The “beers and diapers” story is an ancient one, though its illustrative power has never decreased.
Sometime ago, Walmart extensively studied their own sales data and discovered many correlations. One stood out unexpectedly like a sore thumb: on Friday afternoons, young American males who purchase diapers also grab packs of beers.
Without data mining, nobody would have asked the question to start with. But, why would beers be sold together with diapers? Many hypotheses have been made by analysts. The most common argument is that the young fathers who have to stay home to take care of their babies also grab some beer for gratification because they cannot go to bars. Others argued that young males who have kids are better planners and thus purchase beers for the weeks ahead.
Regardless, a causality was hard to establish.
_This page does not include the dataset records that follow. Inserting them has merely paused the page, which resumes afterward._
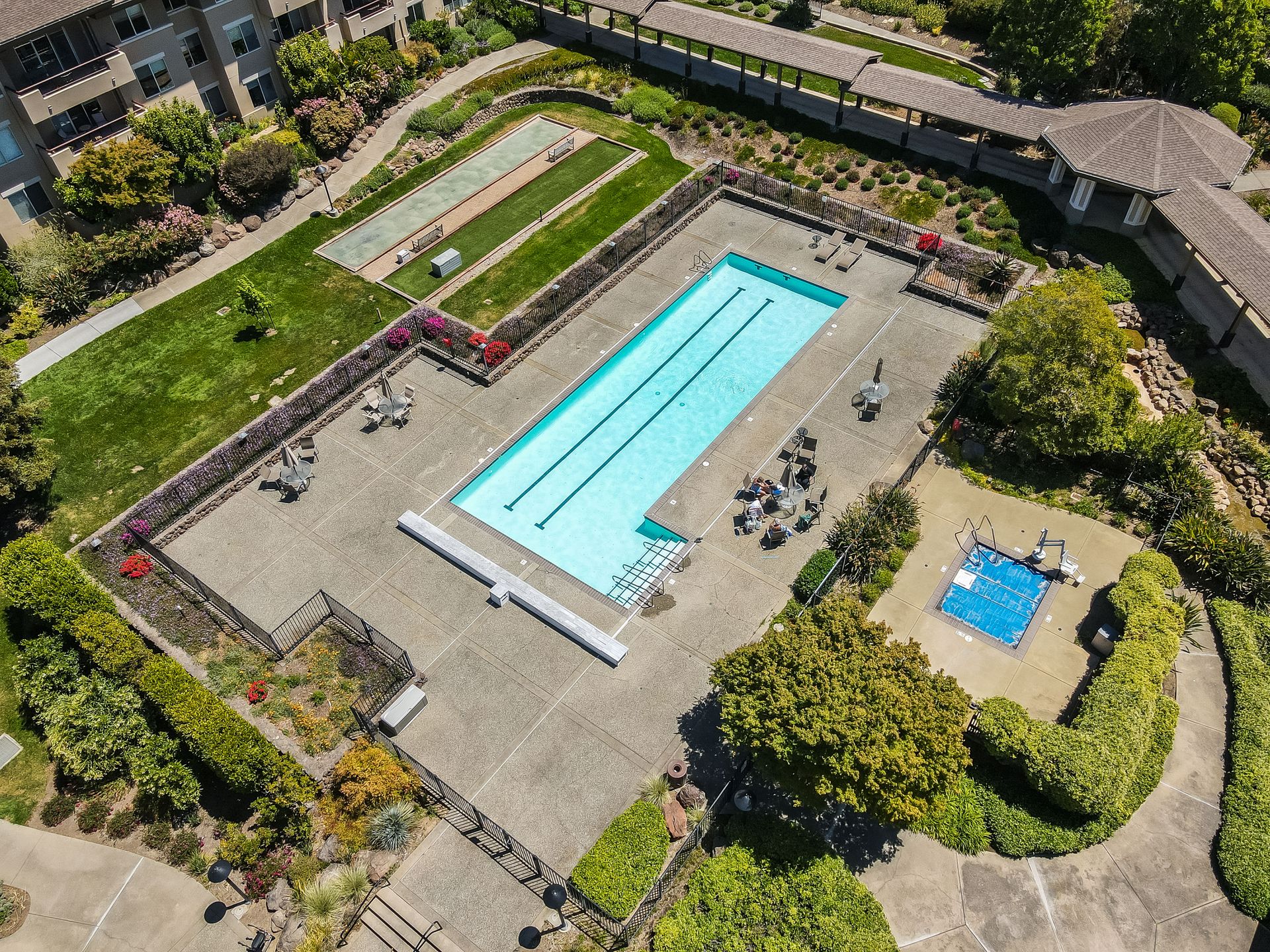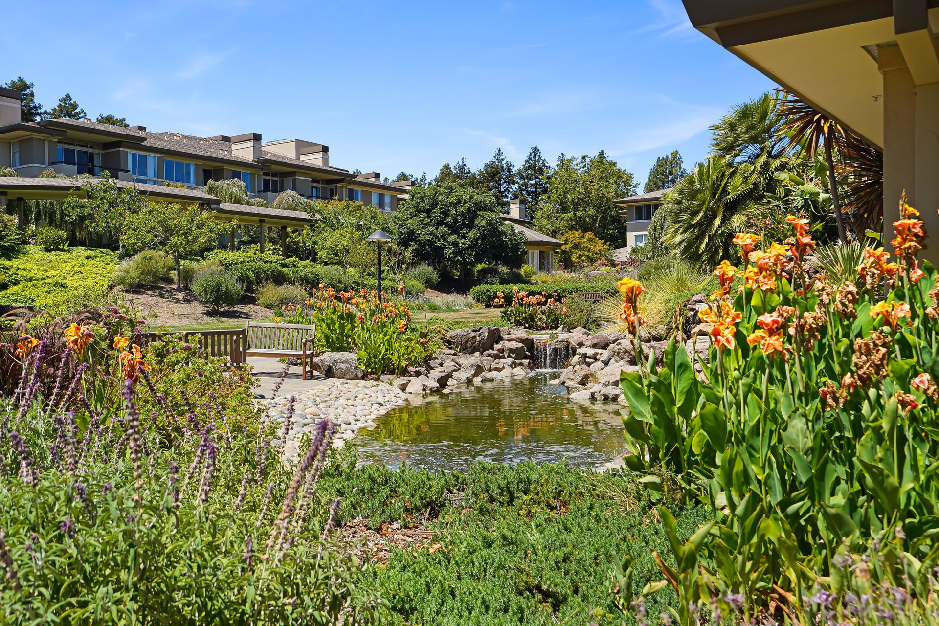 Luxury, independent living for 55+ on 30 lush acres of prime Marin County real estate. Smith Ranch Homes offers resort-style living for active and discerning residents – 5-star style dining, exercise facilities, pool and hot tub, gated, 24-hour security, housekeeping and valet services, personal vegetable/flower gardens, putting green, game room, library, hair salon, art studio, bocce ball courts, and many on and off-site activities, just to name a few. The many walking paths, gardens and water features create a setting that feels like a tropical paradise.
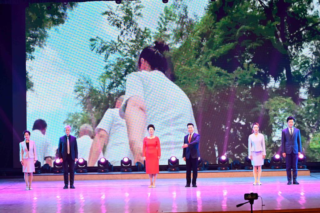 校党委书记李华荣,党委副书记、校长王金胜,党委副书记张芳萍,党委副书记郑金平,党委常委、纪委书记、监察专员段发明,党委常委、副校长尚进平,附属和平医院、附属和济医院、长治市人民医院、长治市第二人民医院、附属淮海医院、附属惠丰医院、附属清华医院领导班子成员,以及学校各二级院系、行政职能部门负责人,老干部代表、师生代表一同观看了演出。
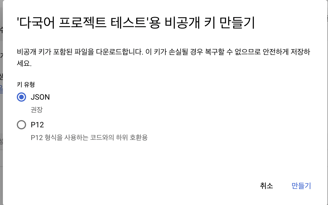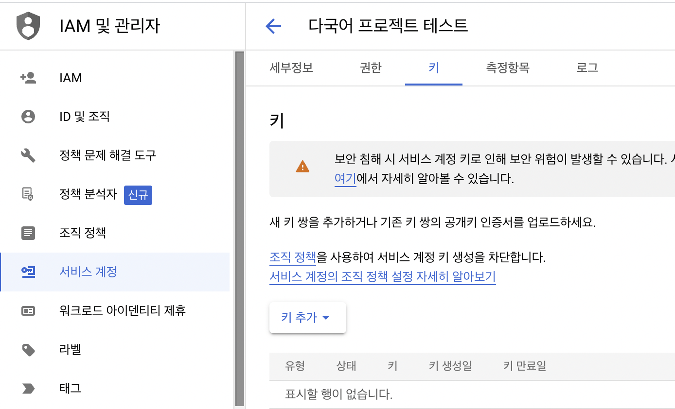 2-10. 키탭에 들어와서 키 추가를 해줍니다. 해당 키는 JSON 형태로 생성 해줍니다.

However, what was important was that when stores started to place their diapers close to their beer, most young American fathers easily found their little pack of indulgences near their bags of duties: sales zoomed. The profit purely came from the power of data mining (well, and the efforts of placing the diaper section close to the beer section).
In recent years, everywhere in the world, big corporations and public institutions invest billions of dollars in building data warehouses. Competent data scientists are desperately needed to solve problems ranging from pattern recognition for improving homeland security, to geospatial data analyses to ensure safe, iceberg-free navigation; from speech recognition to help disabled people be understood more easily, to deep neural networks for building an artificial health care system.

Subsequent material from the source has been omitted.